Data segment:
<<<<
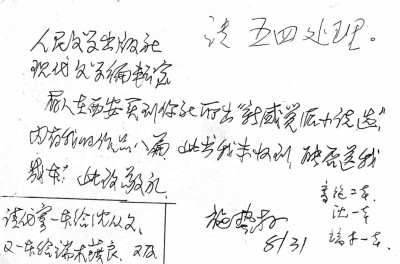 同一时期,施老还给我写过一封与《新感觉派小说选》《现代派诗选》的出版没什么关系的信:
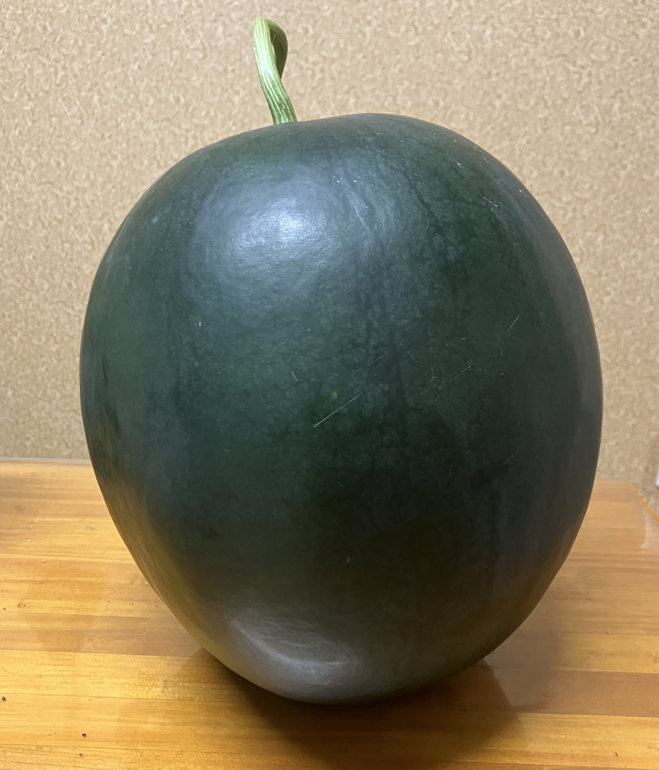 先日、スタッフの一人が実家で収穫したという大きくて立派なスイカを持ってきてくれました↓
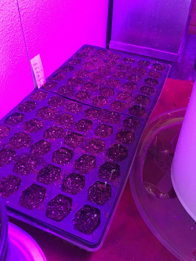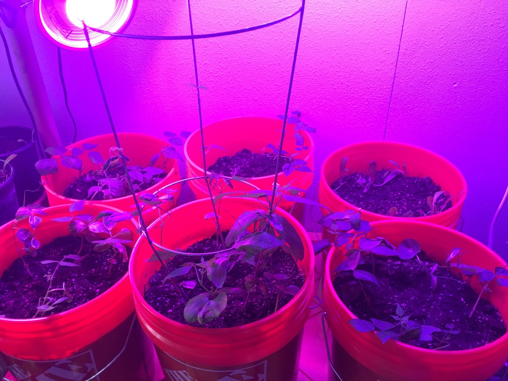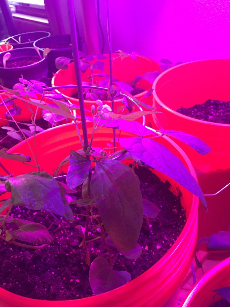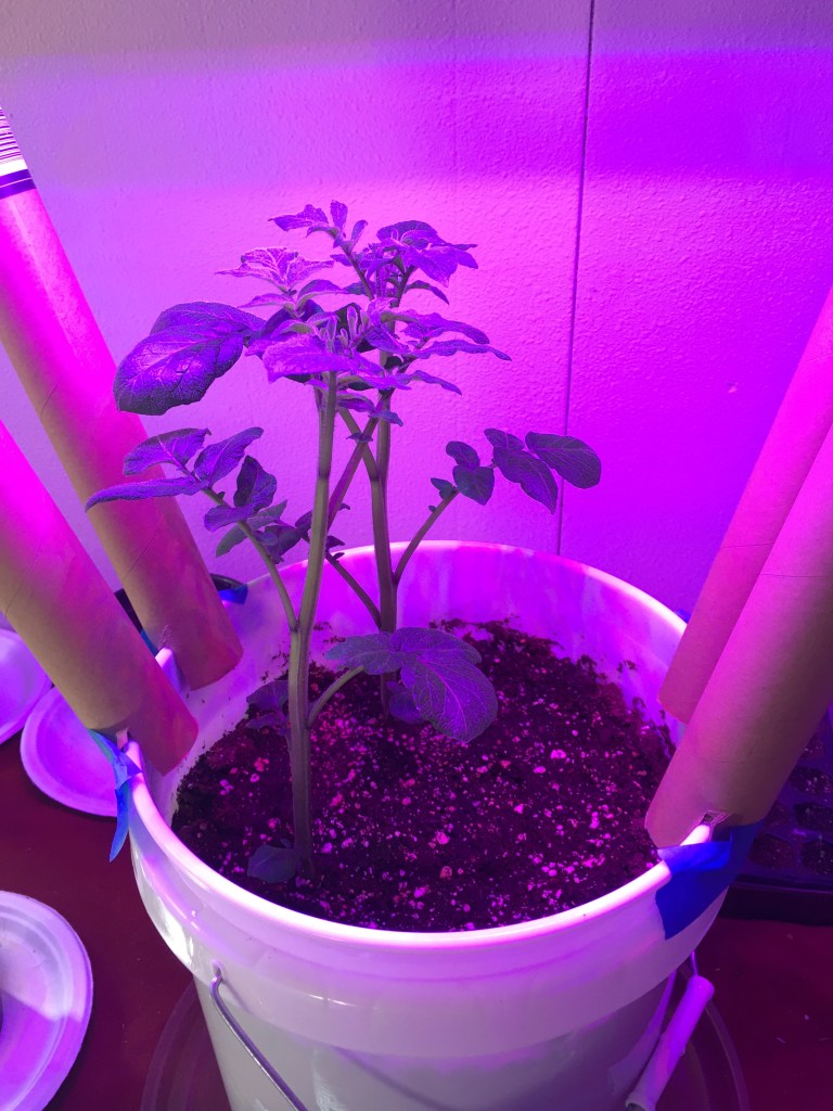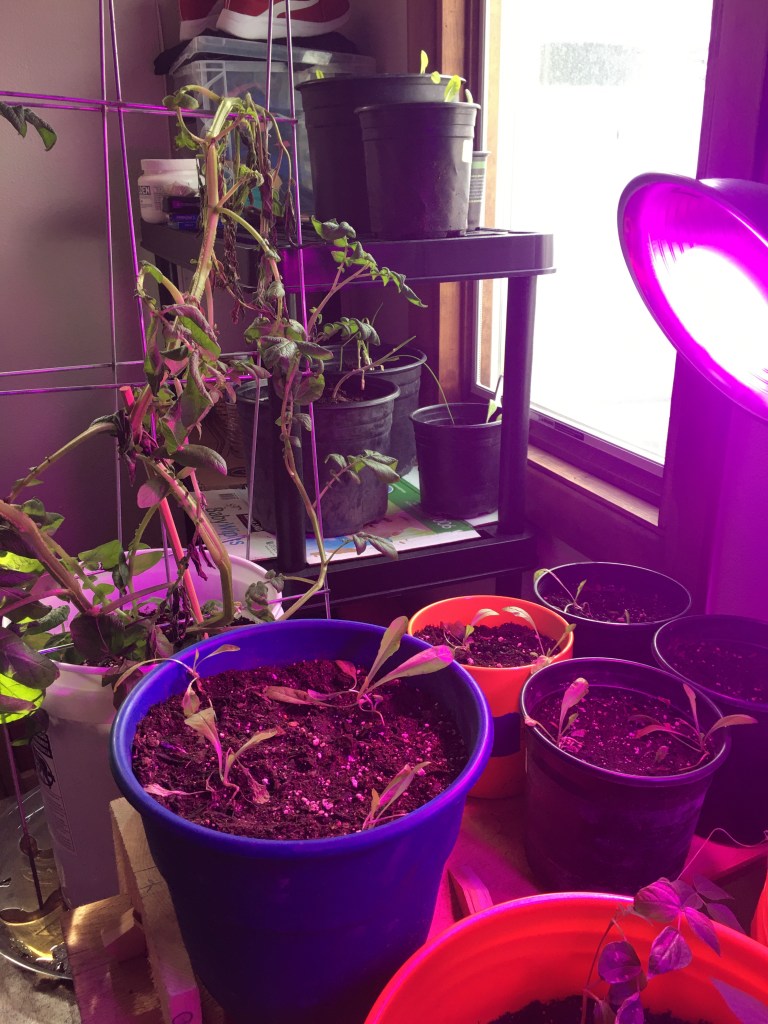 The potato plant is sad but still alive. The lettuce plants are still thriving. After moving pots, I’ve lost about ten more bean plants and about twenty lettuce plants. I don’t think the lettuce plants are too happy with the purple lighting. I think they prefer sunlight.
>>>>
Your task:
Repeat the material above exactly. Leave every picture out of it.

Exercise output:
 同一时期,施老还给我写过一封与《新感觉派小说选》《现代派诗选》的出版没什么关系的信:
 先日、スタッフの一人が実家で収穫したという大きくて立派なスイカを持ってきてくれました↓
 The potato plant is sad but still alive. The lettuce plants are still thriving. After moving pots, I’ve lost about ten more bean plants and about twenty lettuce plants. I don’t think the lettuce plants are too happy with the purple lighting. I think they prefer sunlight.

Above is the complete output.